[Records from a data source]
**********

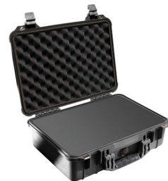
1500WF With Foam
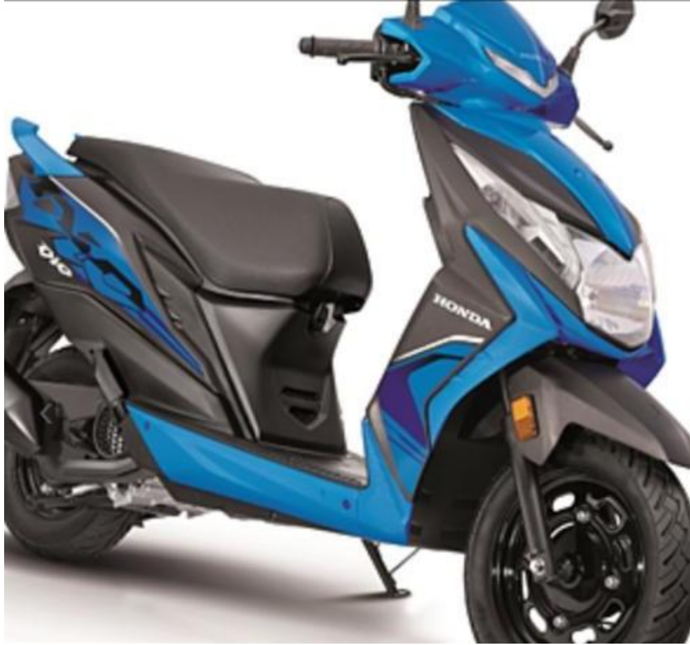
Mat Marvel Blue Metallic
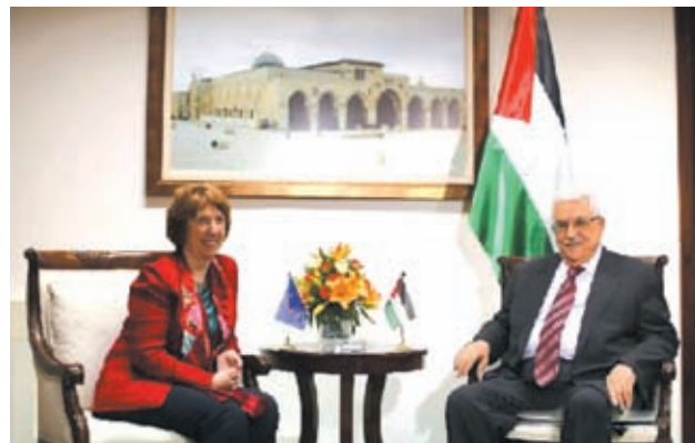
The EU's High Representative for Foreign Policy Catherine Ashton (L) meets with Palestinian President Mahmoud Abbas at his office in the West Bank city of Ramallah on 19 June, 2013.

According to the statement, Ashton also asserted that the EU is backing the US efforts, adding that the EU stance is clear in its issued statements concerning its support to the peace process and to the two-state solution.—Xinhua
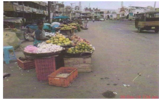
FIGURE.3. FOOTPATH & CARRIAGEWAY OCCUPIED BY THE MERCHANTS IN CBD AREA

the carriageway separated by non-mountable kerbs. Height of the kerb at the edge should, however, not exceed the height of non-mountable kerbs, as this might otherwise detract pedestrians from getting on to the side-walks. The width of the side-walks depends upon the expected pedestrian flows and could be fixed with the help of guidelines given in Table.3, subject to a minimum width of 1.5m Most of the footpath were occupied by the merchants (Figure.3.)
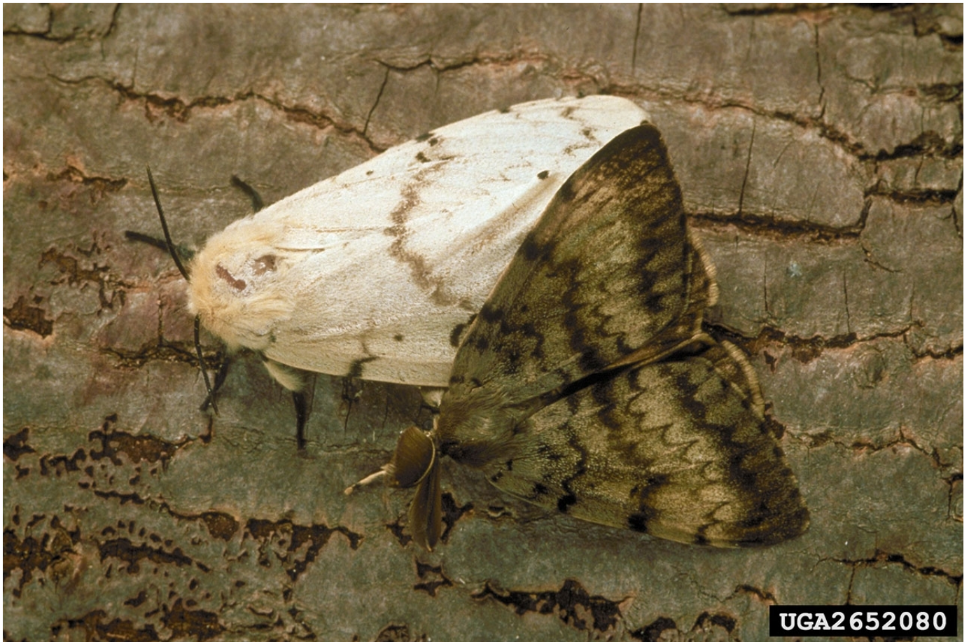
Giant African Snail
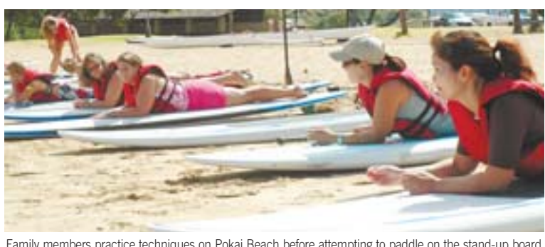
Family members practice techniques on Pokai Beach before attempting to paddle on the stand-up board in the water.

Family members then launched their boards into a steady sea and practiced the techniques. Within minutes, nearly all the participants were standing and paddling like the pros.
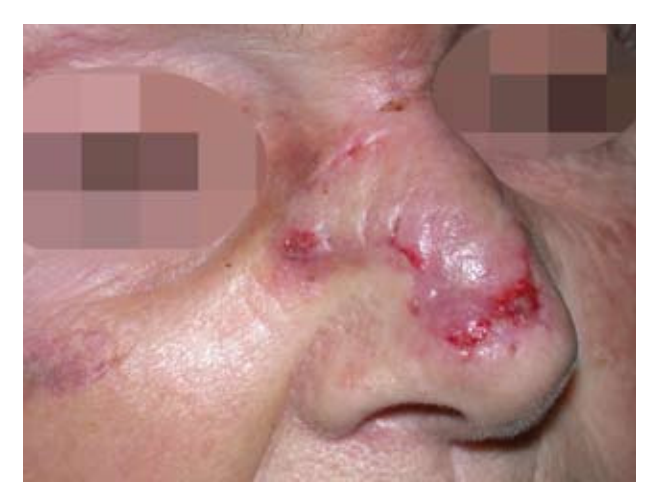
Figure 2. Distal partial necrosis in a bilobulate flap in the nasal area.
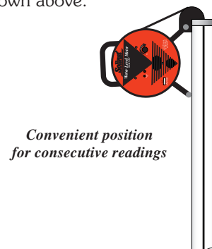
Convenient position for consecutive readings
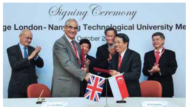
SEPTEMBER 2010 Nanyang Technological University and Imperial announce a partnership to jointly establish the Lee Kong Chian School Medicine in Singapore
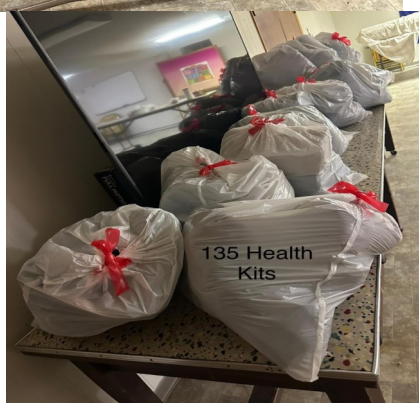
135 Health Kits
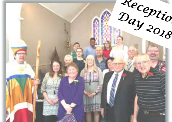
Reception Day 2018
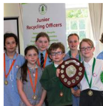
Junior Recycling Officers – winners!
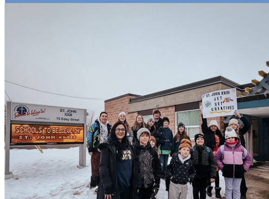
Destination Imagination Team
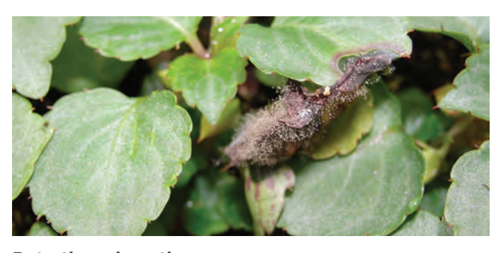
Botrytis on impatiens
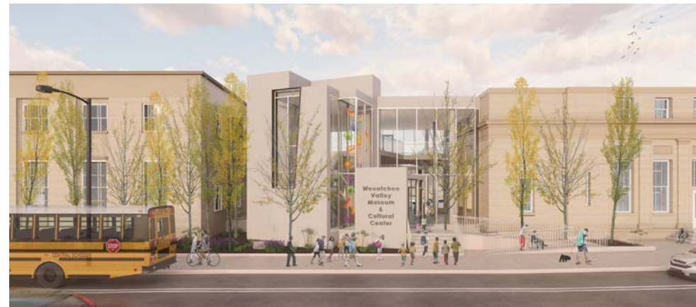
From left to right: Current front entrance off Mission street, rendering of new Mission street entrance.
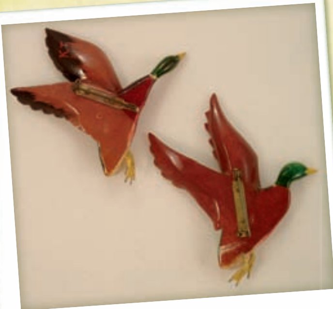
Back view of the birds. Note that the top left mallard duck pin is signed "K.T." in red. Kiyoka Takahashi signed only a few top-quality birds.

**********

▶ [Assignment]
Set down word for word every line from the one containing "Botrytis on impatiens" through the last line of the records above, both ends included. Leave out the pictures.

▶ [Result for this exercise]
Botrytis on impatiens
From left to right: Current front entrance off Mission street, rendering of new Mission street entrance.
Back view of the birds. Note that the top left mallard duck pin is signed "K.T." in red. Kiyoka Takahashi signed only a few top-quality birds.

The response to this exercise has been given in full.